═══ Extracted records ═══
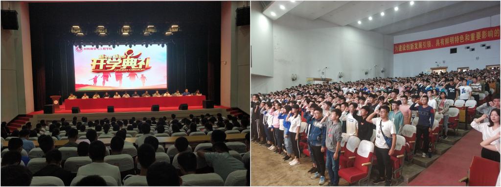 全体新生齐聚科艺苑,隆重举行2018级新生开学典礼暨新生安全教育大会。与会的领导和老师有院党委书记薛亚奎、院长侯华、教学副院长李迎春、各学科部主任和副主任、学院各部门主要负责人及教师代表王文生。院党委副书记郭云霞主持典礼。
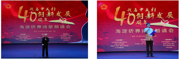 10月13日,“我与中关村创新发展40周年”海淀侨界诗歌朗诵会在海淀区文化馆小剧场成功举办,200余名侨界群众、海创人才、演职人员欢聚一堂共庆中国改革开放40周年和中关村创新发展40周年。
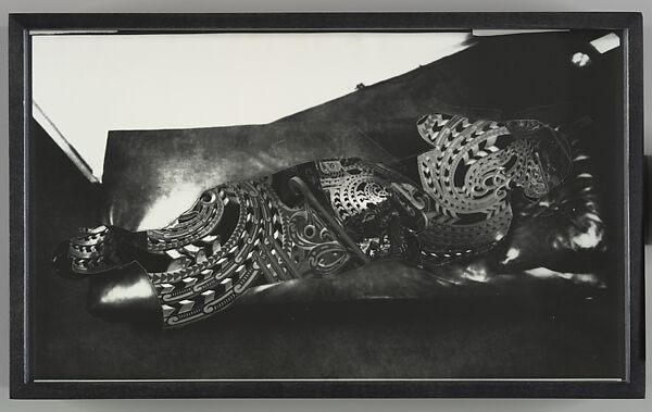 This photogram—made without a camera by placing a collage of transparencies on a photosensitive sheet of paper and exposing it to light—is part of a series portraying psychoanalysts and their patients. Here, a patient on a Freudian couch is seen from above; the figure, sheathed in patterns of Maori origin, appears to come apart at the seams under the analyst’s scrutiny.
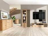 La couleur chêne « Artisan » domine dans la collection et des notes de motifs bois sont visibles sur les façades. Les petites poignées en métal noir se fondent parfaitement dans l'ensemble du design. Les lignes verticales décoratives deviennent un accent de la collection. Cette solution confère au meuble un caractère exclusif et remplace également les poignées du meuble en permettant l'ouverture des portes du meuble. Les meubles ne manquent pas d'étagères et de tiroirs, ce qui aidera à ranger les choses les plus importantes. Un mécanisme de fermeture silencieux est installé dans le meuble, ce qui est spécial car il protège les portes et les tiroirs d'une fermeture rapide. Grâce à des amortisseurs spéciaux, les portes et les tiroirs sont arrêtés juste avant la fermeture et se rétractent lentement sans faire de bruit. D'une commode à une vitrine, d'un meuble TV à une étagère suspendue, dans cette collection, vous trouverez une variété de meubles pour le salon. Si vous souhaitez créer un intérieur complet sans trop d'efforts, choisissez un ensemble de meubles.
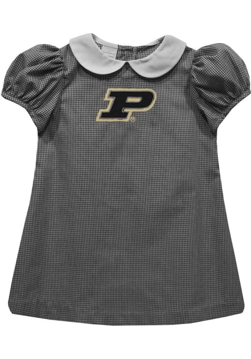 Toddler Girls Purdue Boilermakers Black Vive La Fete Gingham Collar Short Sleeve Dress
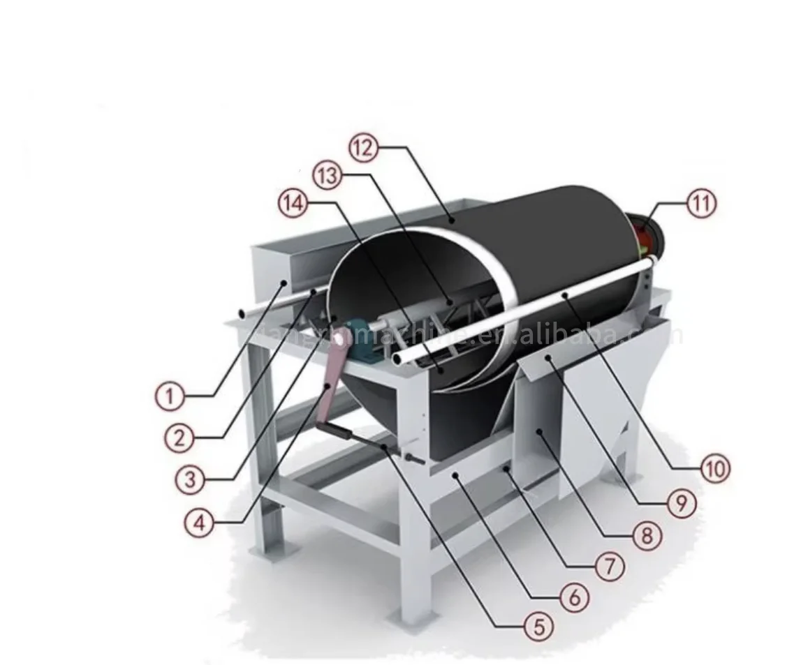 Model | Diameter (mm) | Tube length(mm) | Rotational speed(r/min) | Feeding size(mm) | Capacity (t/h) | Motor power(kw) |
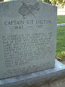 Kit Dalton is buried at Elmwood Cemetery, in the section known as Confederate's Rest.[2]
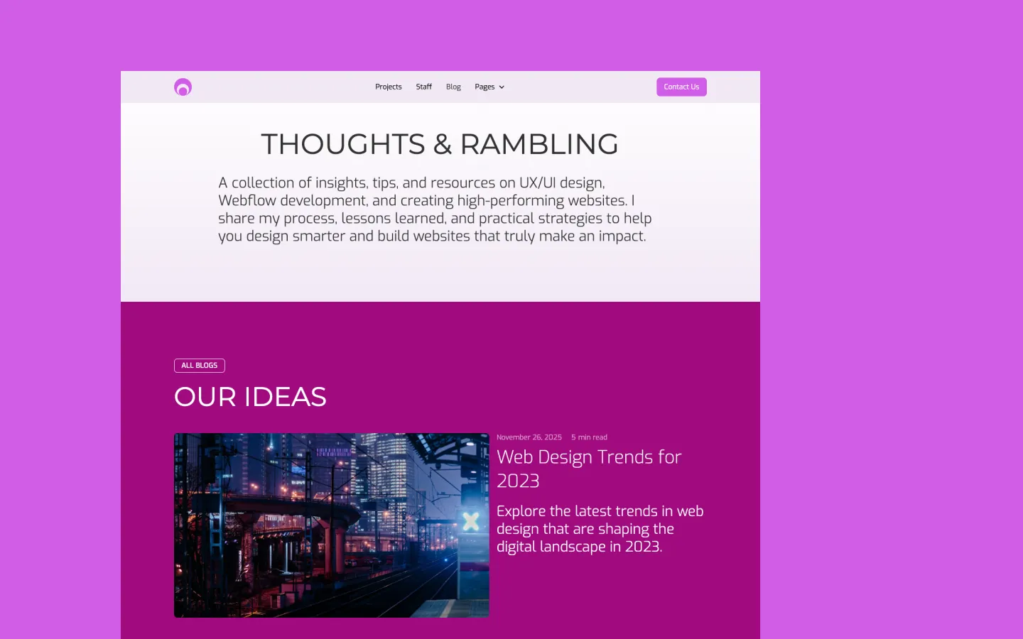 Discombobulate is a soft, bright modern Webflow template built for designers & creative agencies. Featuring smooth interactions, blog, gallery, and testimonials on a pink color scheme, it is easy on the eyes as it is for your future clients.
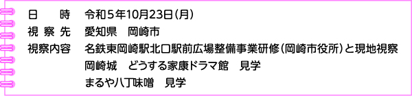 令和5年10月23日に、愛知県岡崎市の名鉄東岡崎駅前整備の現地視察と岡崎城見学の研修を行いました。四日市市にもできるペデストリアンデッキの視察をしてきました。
═══
═══ Extracted records ═══
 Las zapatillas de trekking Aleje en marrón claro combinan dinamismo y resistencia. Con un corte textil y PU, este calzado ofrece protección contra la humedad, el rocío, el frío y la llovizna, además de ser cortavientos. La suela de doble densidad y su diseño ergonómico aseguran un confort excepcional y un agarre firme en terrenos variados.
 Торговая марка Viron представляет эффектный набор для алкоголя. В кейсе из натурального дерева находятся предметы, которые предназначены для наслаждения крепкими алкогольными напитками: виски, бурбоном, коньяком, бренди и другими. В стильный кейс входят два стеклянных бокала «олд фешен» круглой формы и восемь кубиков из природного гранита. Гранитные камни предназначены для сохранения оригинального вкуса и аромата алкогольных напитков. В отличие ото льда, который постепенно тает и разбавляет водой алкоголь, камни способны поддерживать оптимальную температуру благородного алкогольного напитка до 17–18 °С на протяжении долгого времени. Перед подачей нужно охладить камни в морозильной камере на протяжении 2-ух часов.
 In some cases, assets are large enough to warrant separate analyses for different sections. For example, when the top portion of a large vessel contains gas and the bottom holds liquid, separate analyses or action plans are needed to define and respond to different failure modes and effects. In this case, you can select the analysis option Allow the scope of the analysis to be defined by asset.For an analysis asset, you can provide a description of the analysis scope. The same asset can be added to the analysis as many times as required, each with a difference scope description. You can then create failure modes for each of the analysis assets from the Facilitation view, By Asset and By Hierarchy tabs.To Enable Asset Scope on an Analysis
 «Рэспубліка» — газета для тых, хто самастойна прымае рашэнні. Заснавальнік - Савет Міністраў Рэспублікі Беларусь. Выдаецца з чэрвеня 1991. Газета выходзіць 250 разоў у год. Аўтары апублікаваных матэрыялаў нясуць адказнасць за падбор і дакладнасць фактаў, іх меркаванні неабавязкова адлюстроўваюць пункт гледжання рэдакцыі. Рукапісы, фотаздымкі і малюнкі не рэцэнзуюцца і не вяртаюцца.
═══
═══ Extracted records ═══
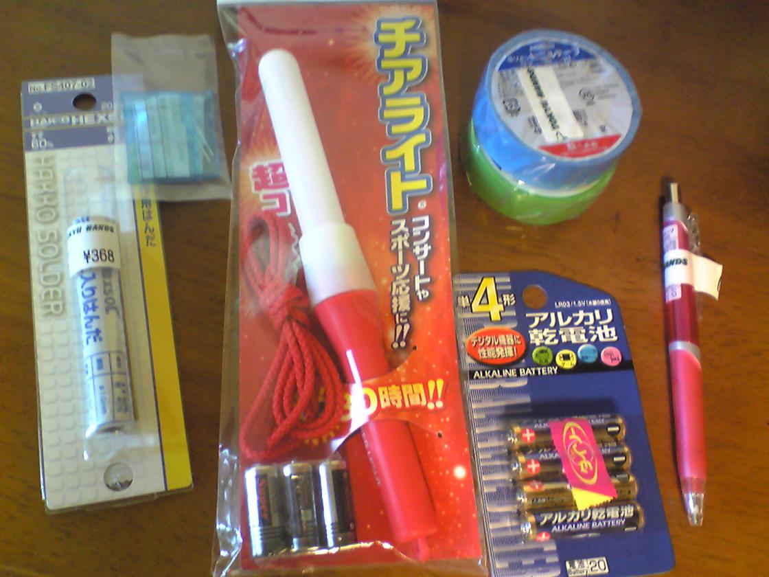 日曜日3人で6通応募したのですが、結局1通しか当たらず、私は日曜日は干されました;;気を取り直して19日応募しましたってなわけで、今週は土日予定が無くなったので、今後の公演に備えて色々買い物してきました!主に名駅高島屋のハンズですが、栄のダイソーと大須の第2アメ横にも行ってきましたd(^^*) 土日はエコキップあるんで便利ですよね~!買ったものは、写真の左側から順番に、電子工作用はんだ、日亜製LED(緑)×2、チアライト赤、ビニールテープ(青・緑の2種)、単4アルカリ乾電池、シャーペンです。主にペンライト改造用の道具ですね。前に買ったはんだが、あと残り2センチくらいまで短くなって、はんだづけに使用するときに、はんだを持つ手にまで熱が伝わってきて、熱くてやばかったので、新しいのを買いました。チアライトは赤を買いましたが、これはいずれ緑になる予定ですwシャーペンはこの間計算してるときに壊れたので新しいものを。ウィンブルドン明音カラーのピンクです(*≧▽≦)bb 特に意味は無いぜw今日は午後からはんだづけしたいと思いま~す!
═══
▶ _What to work on_: Within the entries above, the lines from the one containing "全体新生齐聚科艺苑,隆重举行" through the one containing "This photogram—made without" are to be transcribed exactly, ends included, pictures excluded.

▶ _Task response_:
 全体新生齐聚科艺苑,隆重举行2018级新生开学典礼暨新生安全教育大会。与会的领导和老师有院党委书记薛亚奎、院长侯华、教学副院长李迎春、各学科部主任和副主任、学院各部门主要负责人及教师代表王文生。院党委副书记郭云霞主持典礼。
 10月13日,“我与中关村创新发展40周年”海淀侨界诗歌朗诵会在海淀区文化馆小剧场成功举办,200余名侨界群众、海创人才、演职人员欢聚一堂共庆中国改革开放40周年和中关村创新发展40周年。
 This photogram—made without a camera by placing a collage of transparencies on a photosensitive sheet of paper and exposing it to light—is part of a series portraying psychoanalysts and their patients. Here, a patient on a Freudian couch is seen from above; the figure, sheathed in patterns of Maori origin, appears to come apart at the seams under the analyst’s scrutiny.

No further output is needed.